_How to complete this task:_ Please return the full listing exactly as written, with the images removed.

_Supplied data:_
━━━━━━━━━━━━━━━━━━━━━━━━━━━━━━

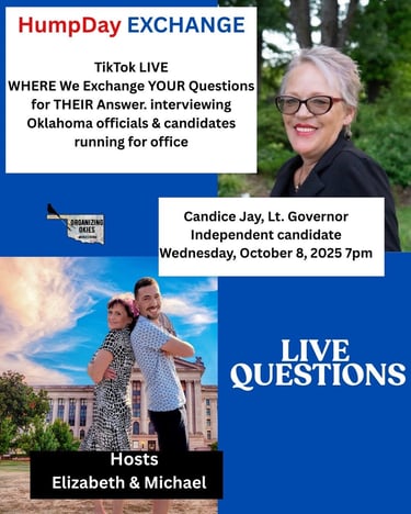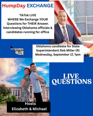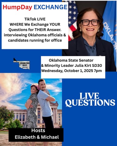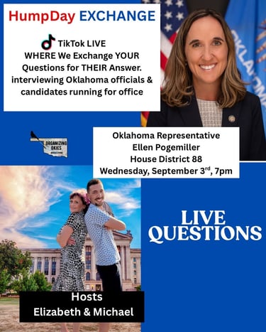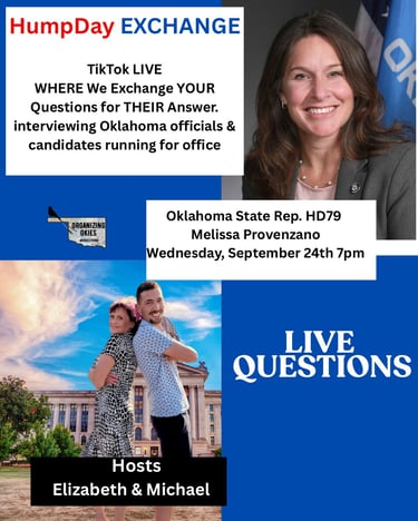 Where we exchange your questions for their answers! Every Wednesday evening 7pm join us on TikTok Live as we sit down with different elected officials and those seeking offices across Oklahoma. Get to know your representatives and those who want to be. Live Q & A
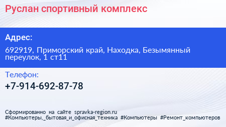 Руслан, спортивный комплекс по адресу 692919, Приморский край, Находка, Безымянный переулок, 1 ст11 в дальнейшем Организация, размещена в следующих категориях:
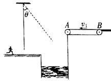 (2) 當(dāng)繩仍擺到與豎直方向夾角θ=37°時(shí),選手放開(kāi)繩子,由于慣性選手繼續(xù)斜向上運(yùn)動(dòng)到最高點(diǎn),此時(shí)剛好站到水平傳送帶左端A點(diǎn), 傳送帶始終以v1=3m/s的速度勻速向左運(yùn)動(dòng),傳送帶的另一端B點(diǎn)就是終點(diǎn),且SAB=3.75m.若選手在傳送帶上不提供動(dòng)力自由滑行,受到的摩擦阻力為自重的0.2倍,通過(guò)計(jì)算說(shuō)明該選手是否能順利沖過(guò)終點(diǎn)B,并求出選手在傳送帶上滑行過(guò)程中因摩擦而產(chǎn)生的熱量Q。

━━━━━━━━━━━━━━━━━━━━━━━━━━━━━━

_Output for this task:_
 Where we exchange your questions for their answers! Every Wednesday evening 7pm join us on TikTok Live as we sit down with different elected officials and those seeking offices across Oklahoma. Get to know your representatives and those who want to be. Live Q & A
 Руслан, спортивный комплекс по адресу 692919, Приморский край, Находка, Безымянный переулок, 1 ст11 в дальнейшем Организация, размещена в следующих категориях:
 (2) 當(dāng)繩仍擺到與豎直方向夾角θ=37°時(shí),選手放開(kāi)繩子,由于慣性選手繼續(xù)斜向上運(yùn)動(dòng)到最高點(diǎn),此時(shí)剛好站到水平傳送帶左端A點(diǎn), 傳送帶始終以v1=3m/s的速度勻速向左運(yùn)動(dòng),傳送帶的另一端B點(diǎn)就是終點(diǎn),且SAB=3.75m.若選手在傳送帶上不提供動(dòng)力自由滑行,受到的摩擦阻力為自重的0.2倍,通過(guò)計(jì)算說(shuō)明該選手是否能順利沖過(guò)終點(diǎn)B,并求出選手在傳送帶上滑行過(guò)程中因摩擦而產(chǎn)生的熱量Q。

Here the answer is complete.